Hinton is a prominent figure in the tech world who has often spoken out about the dangers of AI. Between 2013 and 2023, Hinton worked at Google (Google Brain) while also teaching at the University of Toronto. At university, Ilya Sutskever, co-founder of OpenAI and its former chief scientist, was a student of machine learning and worked closely with Geoffrey Hinton. Yann LeCun, vice president and chief AI scientist at Meta, is also one of Hinton’s students.

In 2023, Geoffrey Hinton left Google, citing concerns about the increase in misinformation, the potential disruption of the job market by AI, and the “existential threat” posed by the development of true digital intelligence.

Geoffrey Hinton worked at Google for more than a decade and made significant contributions to the development of artificial intelligence. With two of his students, he created a neural network that laid the foundation for widely used AI models such as ChatGPT, Bing, and Bard. However, Hinton became concerned about the potential dangers of AI. Realizing the risks associated with the technology he helped pioneer, he decided to step down from his position at Google in 2023 to raise awareness of the potential threats posed by AI.

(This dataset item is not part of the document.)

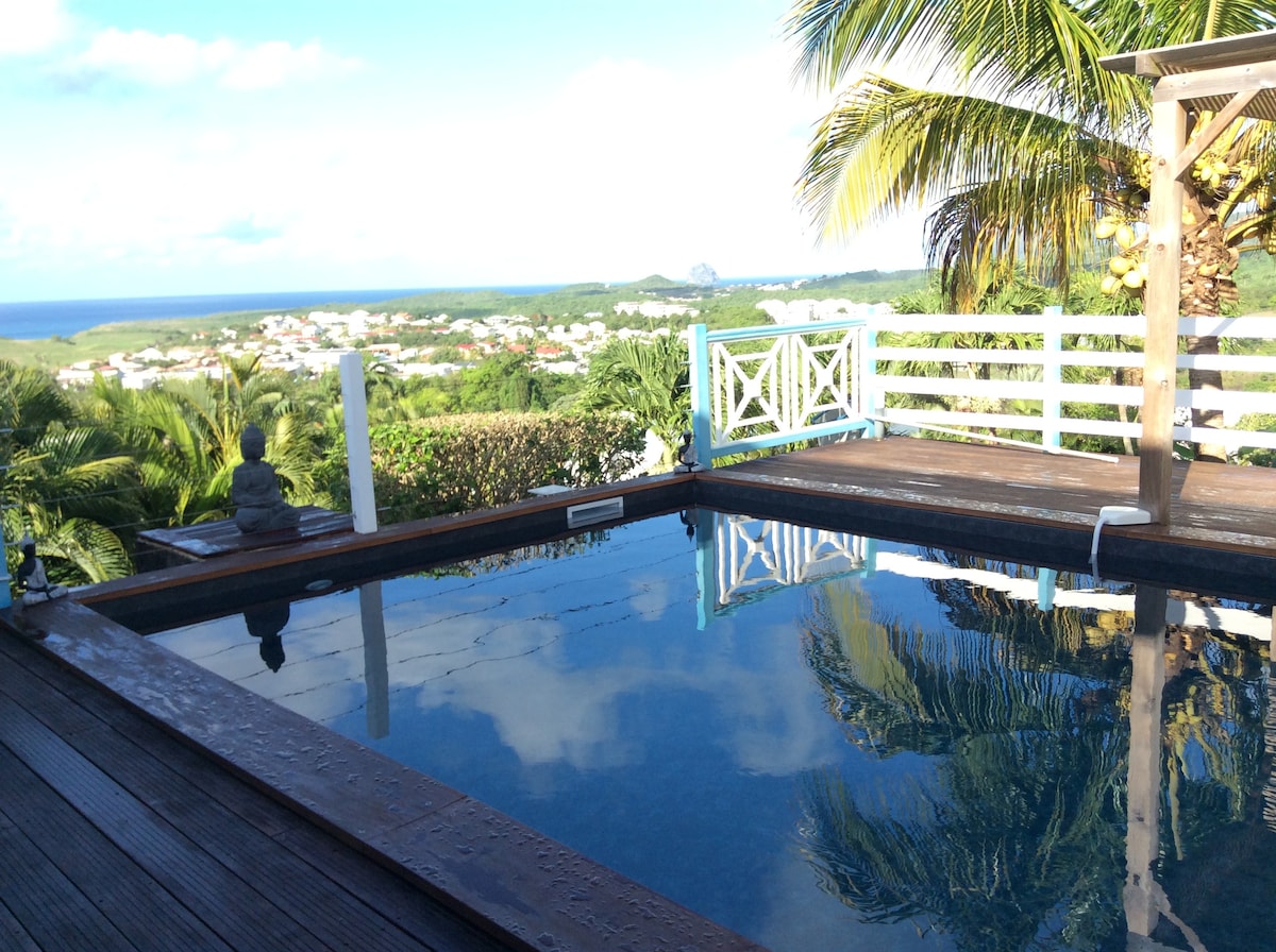 Updated, modern 3 AC bedroom, 2 bathrooms with private pool and view of Caribbean sea. 5 minute drive to beach, downtown Diamant with shops, restaurants, and markets. 20 minute drive from Fort de France airport. The villa is fully equipped with a washing machine, dishwasher, iron, coffee machine, toaster, blender, rice machine, bbq, 2 TVs, Apple TV, microwave, oven, fridge, etc. Hosts are native to Martinique and can provide recommendations for island sights. Perfect for families and couples.

In October last year, in an interview, Geoffrey Hinton discussed the unsettling potential of AI gaining the ability to manipulate humans. He highlighted the unprecedented development of systems that can surpass human intelligence and emphasized the dangers of these AI entities influencing people. According to Hinton, such advanced AI would have access to vast knowledge, including literature and political strategies, which would make them highly effective at persuasion. He warned that AI equipped with this comprehensive understanding could become adept at manipulating human behavior and decision making on a large scale.